I've had no crashes since I bumped the lowest freq it can go to 800 MHz there were previous posts here discussing it (and I seen in the luci monitoring logs the freq constantly jumping from 300ish to 800), atm I'm using various settings gathered from the thread and had no restart in last 2 weeks or so, for the record I only use 2,4 GHz wifi on the router (for my IoT devices) and the router is only connected to modem and a managed switch.

I got this in my Local Startup in luci:

echo ondemand > /sys/devices/system/cpu/cpufreq/policy0/scaling_governor
echo ondemand > /sys/devices/system/cpu/cpufreq/policy1/scaling_governor
echo 1725000 > /sys/devices/system/cpu/cpufreq/policy0/scaling_max_freq
echo 1725000 > /sys/devices/system/cpu/cpufreq/policy1/scaling_max_freq
echo 800000 > /sys/devices/system/cpu/cpufreq/policy0/scaling_min_freq
echo 800000 > /sys/devices/system/cpu/cpufreq/policy1/scaling_min_freq
echo 75 > /sys/devices/system/cpu/cpufreq/ondemand/up_threshold
echo 10 > /sys/devices/system/cpu/cpufreq/ondemand/sampling_down_factor
/usr/sbin/irqbalance

exit 0
1 Like

This morning, again, the PiZero is no longer connectable.
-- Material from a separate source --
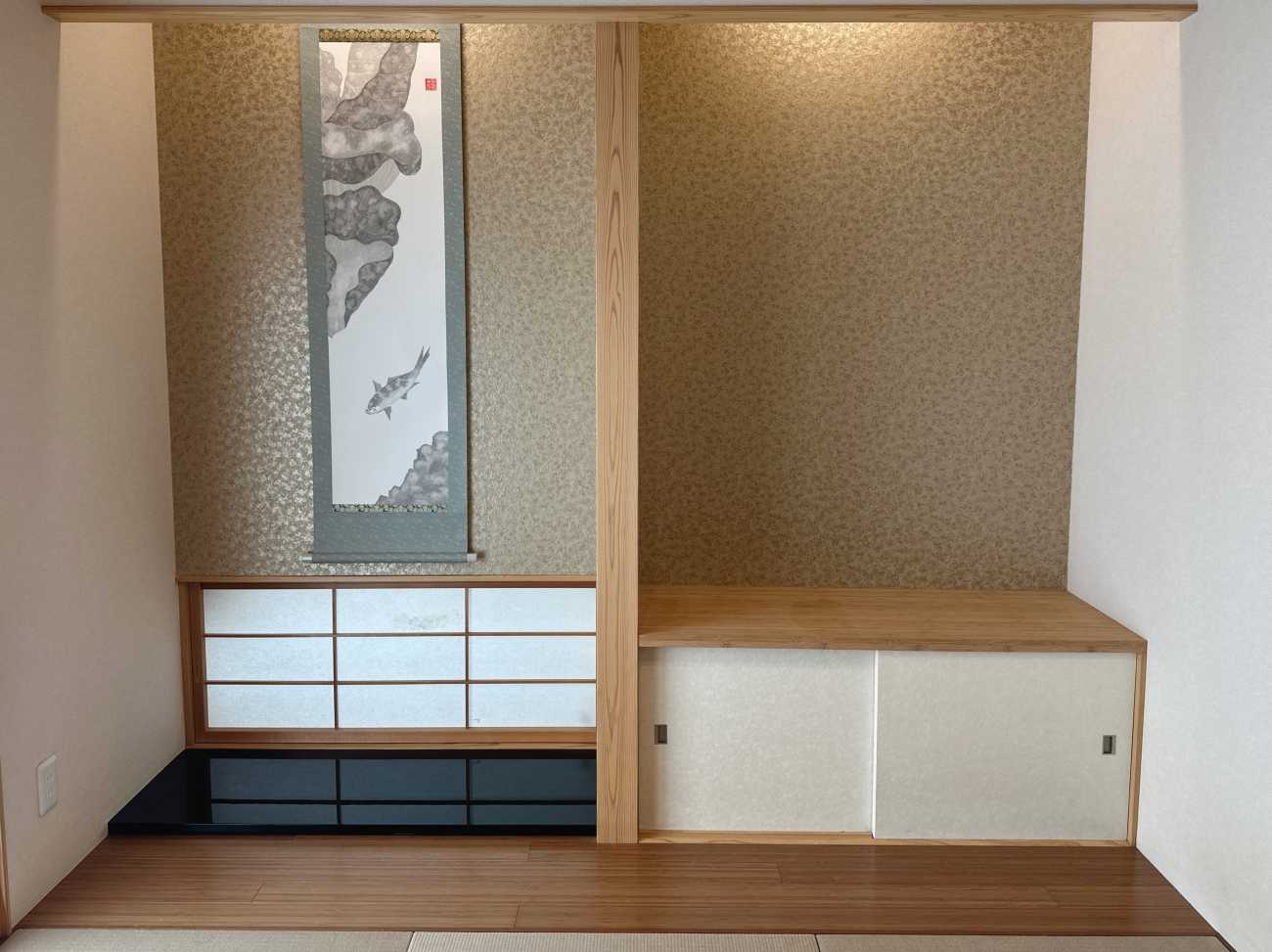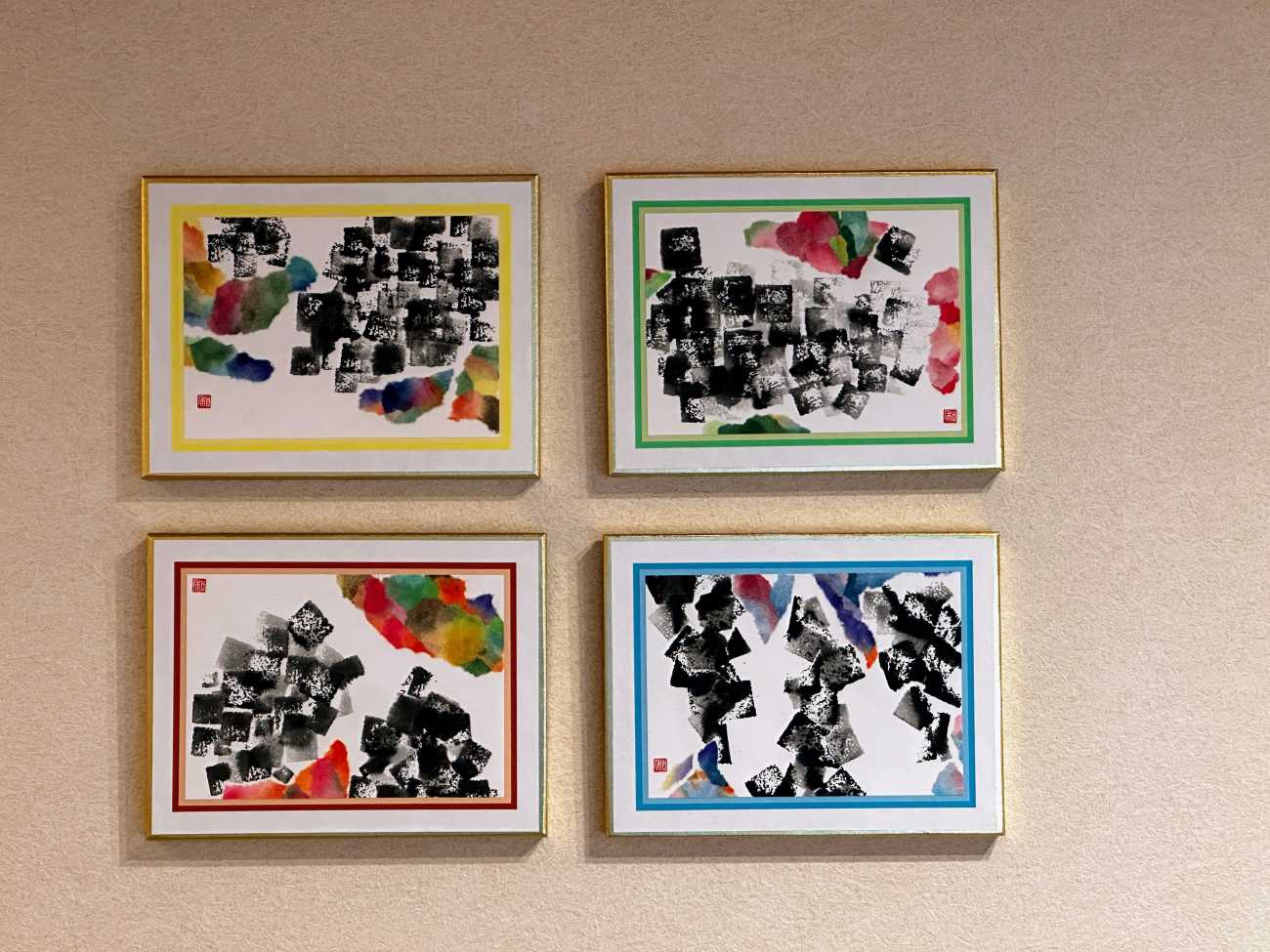 墨は濃淡潤渇を自在に操ることで、見る人に色彩を感じさせ、温度や質感までも表現することができる。「柔和」では3月頃の少し暖かくなってきた穏やかな蓮池の様子を、余白を活かし現代表現で大胆に描いた。まだ浮き葉が出始めた頃の蓮の葉の柔らかさや、日の当たる暖かい場所で鯉がじっと佇んでいる様子が伝わるように、柔らかい墨使いを重視した。「豊」では色を取り入れ華やかに日本の豊漁・豊作を表現した。墨と顔彩が一番綺麗に表現できる和紙をそれぞれ別に使用し、顔彩で色紙を作成。墨と色の調和を意識しながらコラージュした。

This is in the kernel log

[286759.252859] ath10k_pci 0000:01:00.0: Invalid peer id 41 peer stats buffer
[286759.259184] ath10k_pci 0000:01:00.0: failed to lookup txq for peer_id 41 tid 1

The 'Failed Lookup' error was repeated many times.

There's a new firmware file for "old"
https://github.com/kvalo/ath10k-firmware/blob/master/QCA9984/hw1.0/3.9.0.2/firmware-5.bin_10.4-3.9.0.2-00099

And also the 3.10 version that has been around for a while:
https://github.com/kvalo/ath10k-firmware/blob/master/QCA9984/hw1.0/3.10/firmware-5.bin_10.4-3.10-00047

The default in the "old" builds is 10.4-3.9.0.2-00070

Not sure what the policy is to bump it to a more recent one.

And also a new "ct" version .019
https://www.candelatech.com/downloads/ath10k-9984-10-4b/?C=M;O=D

Edit: Unfortunately for me .019 is worse than .018 very laggy and packet loss between 2 Macs.

Still having this issue. The 5Ghz seems more stable. It is now the 2.5Ghz that seems to have disconnects w/o reconnect.
@hugalafutro Have put your settings in the router Starte=up and rebooted. Will see if there is any difference.

After installing master-r13684-3b0f698760-20200704 and importing the SSL certificate into the Trusted Root Certification Authorities (Chrome), I still cannot https into luci without the "privacy" error.

Any ideas?

edit: sorry, the problem is that I cannot get rid of the annoying 'not secure' message regarding the certificate.